About this task —
Going line by line through the records below, write out everything starting with the line containing "The solar power" and going on through the line containing "Silver Dangle Cartilage", exactly and inclusively. Pictures do not go in.

Data extract —
========

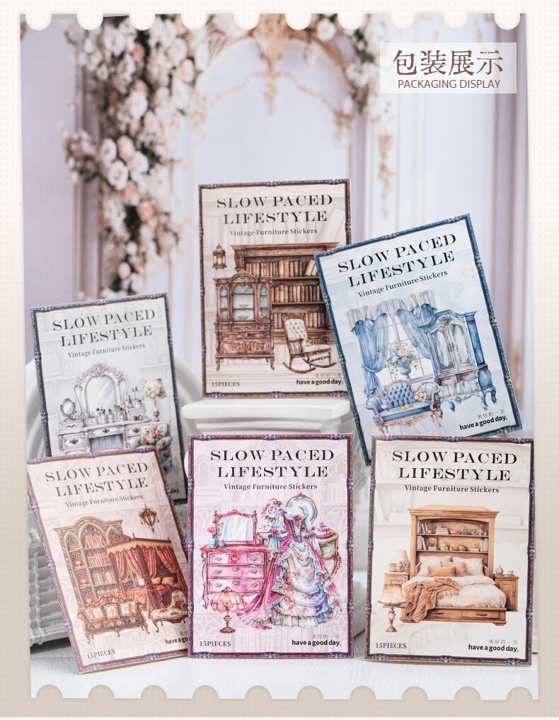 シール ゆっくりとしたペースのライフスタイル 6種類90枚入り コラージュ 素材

========

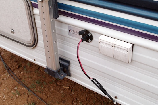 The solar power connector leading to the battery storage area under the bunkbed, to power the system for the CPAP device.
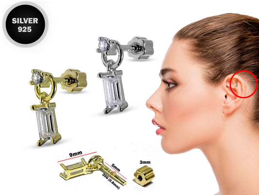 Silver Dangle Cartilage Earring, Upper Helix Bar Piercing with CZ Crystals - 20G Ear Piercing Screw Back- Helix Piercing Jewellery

========

Exercise output —
 The solar power connector leading to the battery storage area under the bunkbed, to power the system for the CPAP device.
 Silver Dangle Cartilage Earring, Upper Helix Bar Piercing with CZ Crystals - 20G Ear Piercing Screw Back- Helix Piercing Jewellery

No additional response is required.